Birçok karakteri zincirlemiş bir muammayı çözme peşinde Sadık düğüm düğüm olan hayatını da çözüyor. Dolayısıyla kitap hem bir polisiye hem de bir arayış romanı olarak değerlendirilebilir. "Risk almadan, yaşamını ortaya sürmeden adalat elde edilmiyor" diyor Sadık adalet peşinde koşarken, dünyaya adil olmanın gücünü gösterirken, herkesin onu "iyi bir insansın" diyerek pohpohlarken bile şımarmadan, hatta umursamadan daima yolunda yürürken. Sevgiye inanıyordu, sevilmeye, değer ve merhamet görmeye. Çünkü dünyada eğer bu duygulara aç ve bu duyguları hiç tatmamış birileri varsa, bunun sebebi olarak anneleri görüyordu. Ne tür anneleri? Şöyle:

"Benim yoktu ama annelerin çocuklarına bakarken kör olduklarını, onlara hiç elde edemeyecekleri meslekler yakıştırdıklarını, kendileri cehennemde yaşadıklarından olacak, cennet hayalleri, süslü gelecekler tasarladıklarını biliyordum. Tanrı onların hazırladığı özgeçmişleri okusa hiçbir çocuğun canını almazdı."

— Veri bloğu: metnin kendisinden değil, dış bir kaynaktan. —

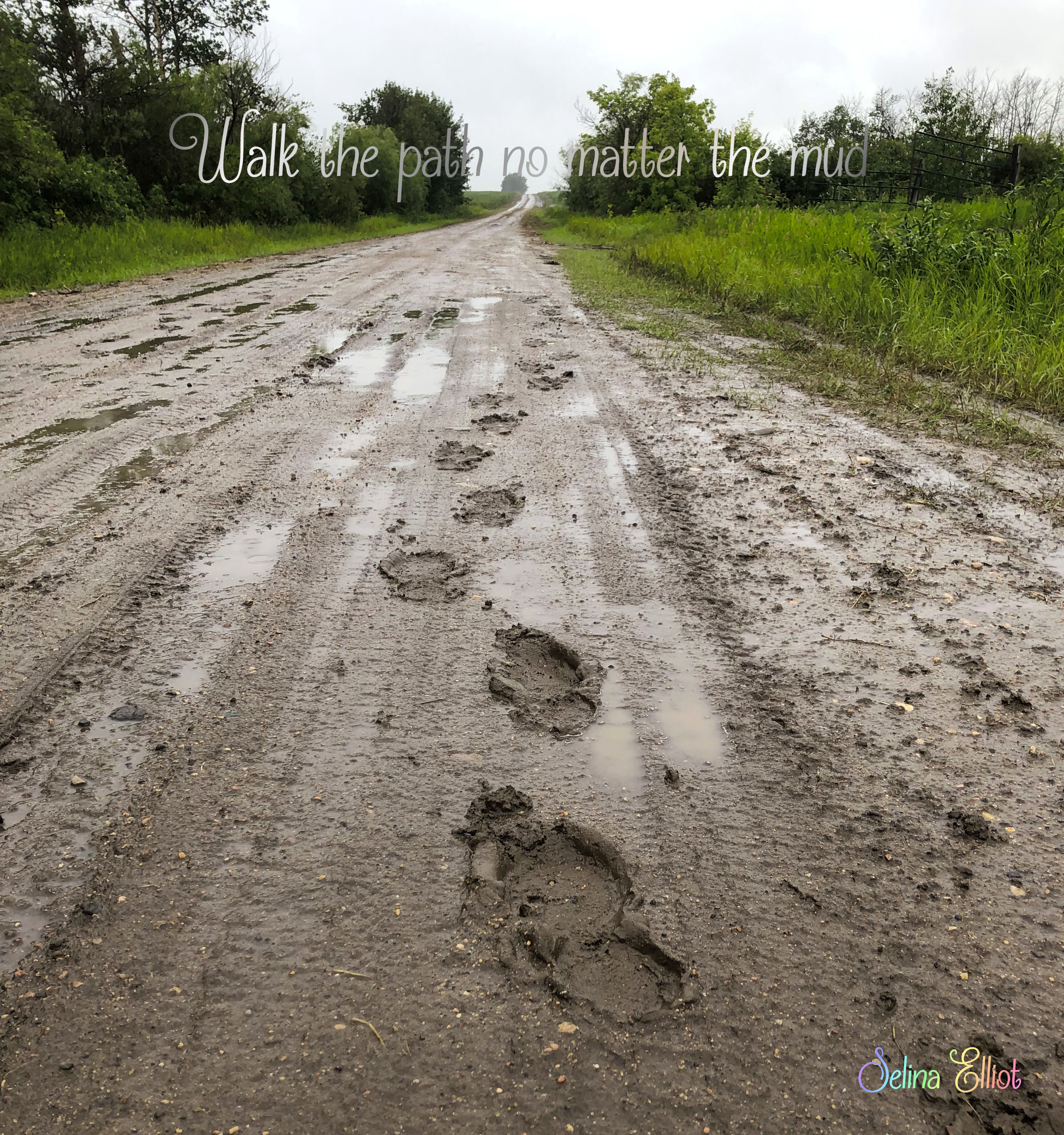 Well, a mud road now. And yep, those’re my prints in the mud. I’ve got the mud-caked shoes to prove it.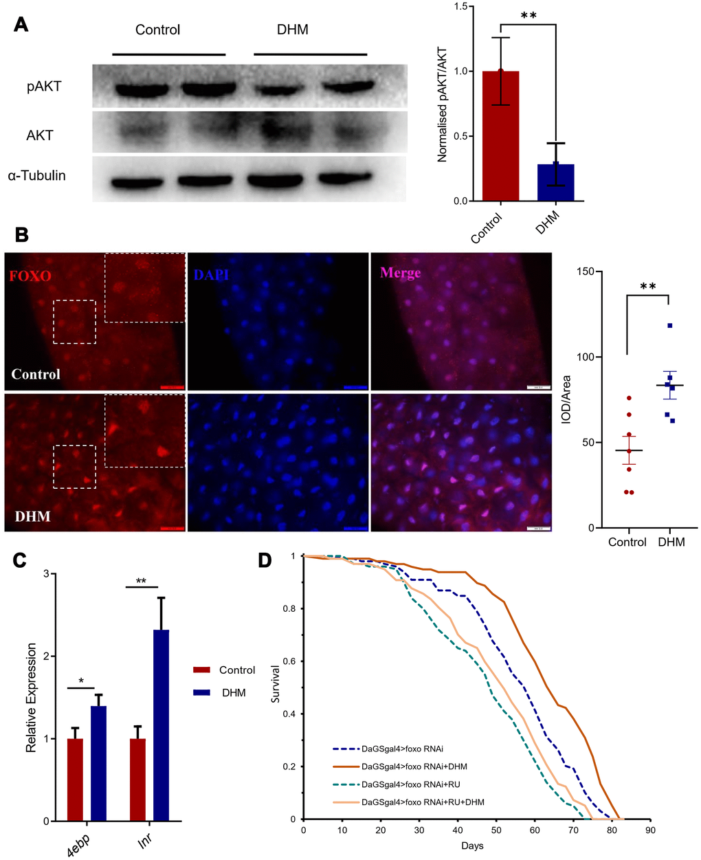 Furthermore, we hope to reveal how DHM regulates healthspan and longevity. Previously, it was reported DHM can downregulate AKT signaling in vitro [29, 30]. AKT is the effector of IIS signaling and can suppress FOXO target expression [31]. Therefore, we checked the phosphorylation level of AKT after treatment with DHM. The result showed that pAKT level did reduce in DHM-treated flies (Figure 3A), indicating that DHM represses AKT signaling in the adult fly. As pAKT can phosphorylate FOXO, and holding it in the cytoplasm, therefore, we checked the FOXO protein in the nucleus of adult gut cells with antibody. We found that the DHM treatment can promote the localization of FOXO in the nucleus (Figure 3B). We also found that consistent with the two target genes of FOXO, Inr and 4ebp were up expressed in the DHM-treated flies compared to the control group (Figure 3C). This demonstrated that DHM can enhance the activity of the transcription factor FOXO.

Sartre'a inanıyor Sadık, seçim yapmaya. Ama rehberi Dostoyevski ve onun kahramanları. İnsanlara yakınlaşırken ve uzaklaşırken bundan ödün vermiyor. İnsan ruhunun bilinmezliğini ortaya döken yazarlar ve onların romanları böyledir işte. Başka romanlara, başka karakterlere rehber olurlar.

Okuduğum ilk Mehmet Eroğlu kitabı olan İyi Adamın On Günü'nden gayet memnun ayrıldım. Ve hemen Kötü Adamın On Günü'ne başlayacağım günü beklemeye koyuldum. Çünkü şu iç sıkan günlerde insan zihnini çok zorlamadan bazen hayallerin bazen de rüyaların peşinde koşturacak romanlara ihtiyacımız olduğuna inanıyorum.